BEGIN

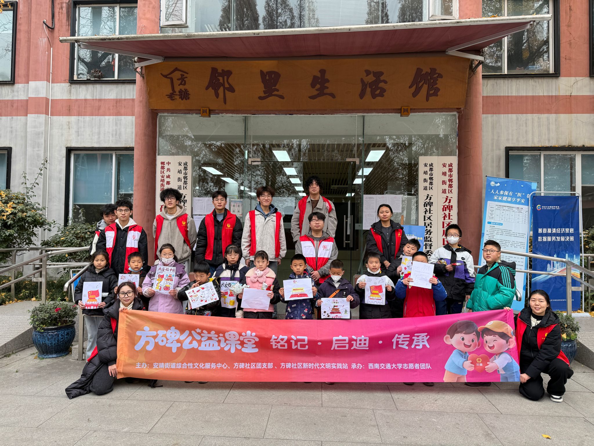 20251214日,“铭记启迪传承”公益课堂在方碑社区顺利开展。本次活动由安缩街道综合性文化服务中心、方碑社区团支部、方碑社区新时代文明实践站联合主办,环境青协承办,20余名5-12岁社区儿童参与其中,通过寓教于乐的形式接受爱国主义教育。
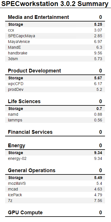 SPECworkstation benchmark is an excellent benchmark to test systems using workstation-type workloads. In this test, we only ran the Storage component, which is fifteen separate tests.
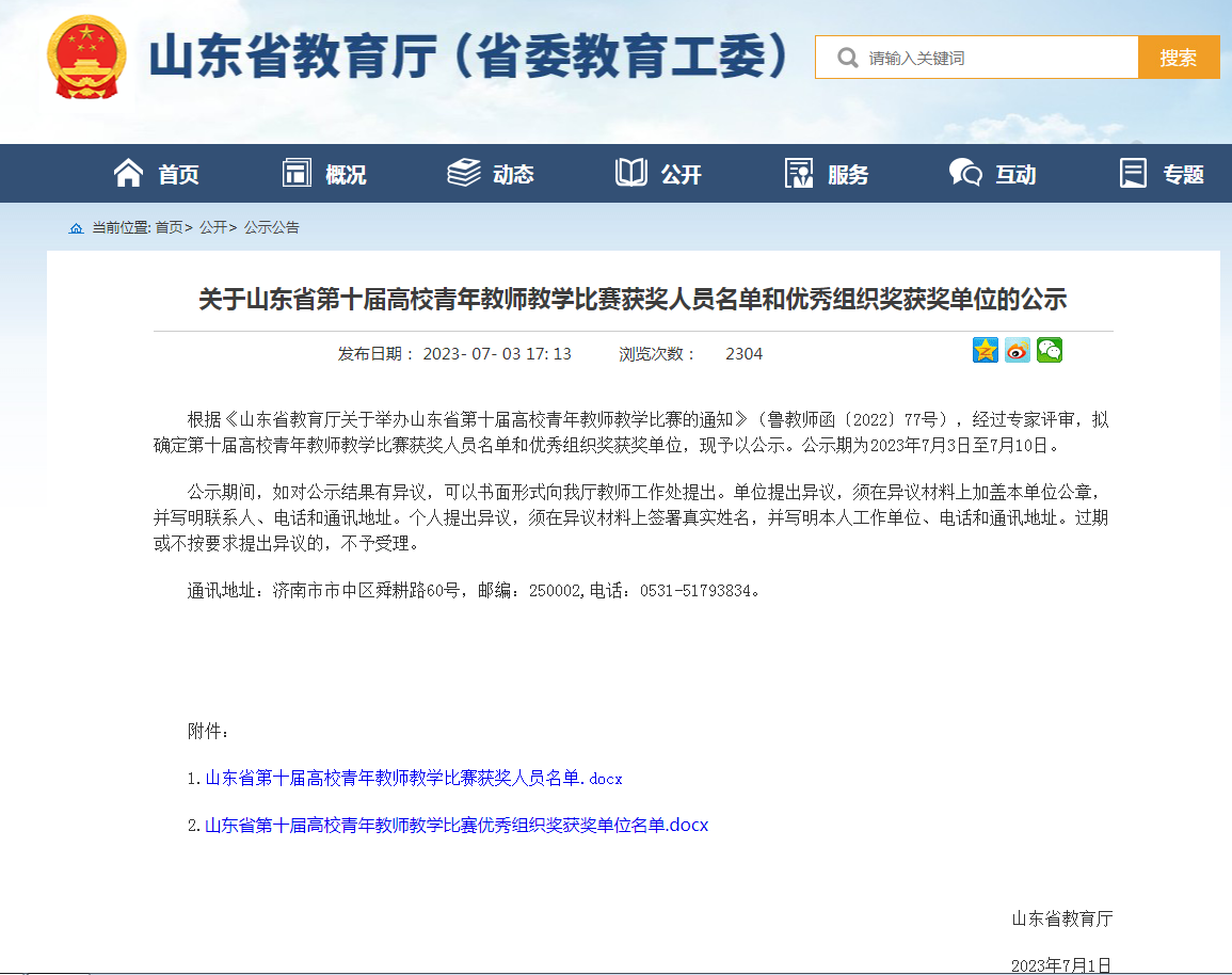 7月3日,山东省教育厅公布第十届高校青年教师教学比赛获奖人员名单。suncitygroup太阳新城青年教师邓婷、孙瑞荣获二等奖和三等奖,宋阳、王婷婷老师获得优秀奖。
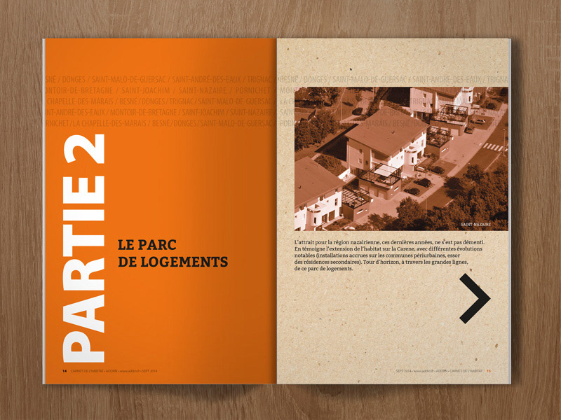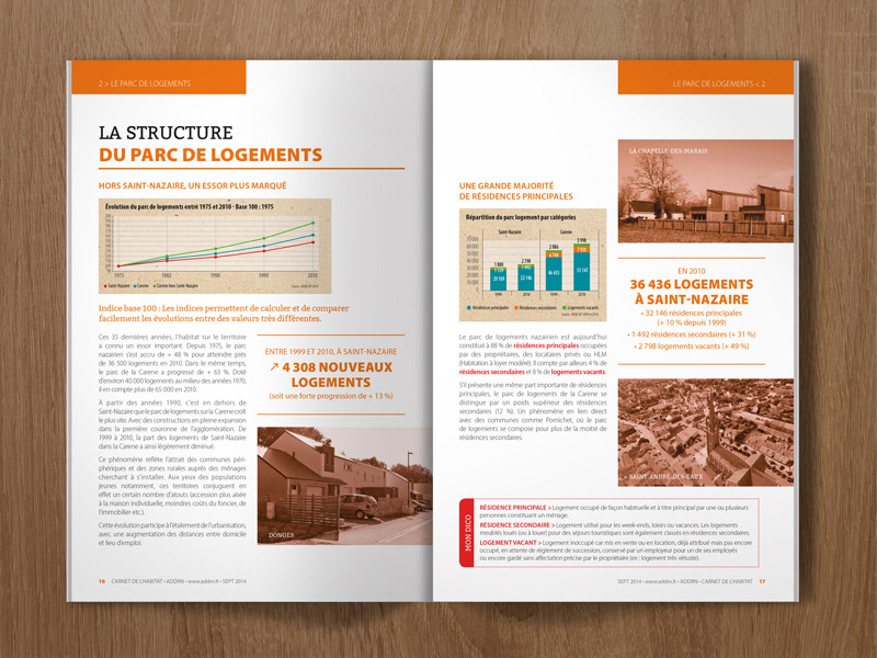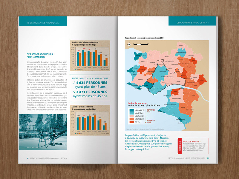 Création d’un outil de communication avec les attributs d’un carnet pérenne. Organisation avec un système de rubricage, des codes couleur forts pour un repérage aisé. Création de zooms et de différents niveaux de lecture pour rythmer la lecture, mettre en valeur les informations clés et permettre une lecture en diagonale des informations. Travail sur les graphiques, tableaux, cartes de manière attrayante et colorée. Traité des photos en bichromie pour laisser la première place aux informations.

END

◆ DESCRIPTION OF THE TASK
Print the complete listing exactly, apart from any pictures.

◆ RESPONSE AREA
 20251214日,“铭记启迪传承”公益课堂在方碑社区顺利开展。本次活动由安缩街道综合性文化服务中心、方碑社区团支部、方碑社区新时代文明实践站联合主办,环境青协承办,20余名5-12岁社区儿童参与其中,通过寓教于乐的形式接受爱国主义教育。
 SPECworkstation benchmark is an excellent benchmark to test systems using workstation-type workloads. In this test, we only ran the Storage component, which is fifteen separate tests.
 7月3日,山东省教育厅公布第十届高校青年教师教学比赛获奖人员名单。suncitygroup太阳新城青年教师邓婷、孙瑞荣获二等奖和三等奖,宋阳、王婷婷老师获得优秀奖。
 Création d’un outil de communication avec les attributs d’un carnet pérenne. Organisation avec un système de rubricage, des codes couleur forts pour un repérage aisé. Création de zooms et de différents niveaux de lecture pour rythmer la lecture, mettre en valeur les informations clés et permettre une lecture en diagonale des informations. Travail sur les graphiques, tableaux, cartes de manière attrayante et colorée. Traité des photos en bichromie pour laisser la première place aux informations.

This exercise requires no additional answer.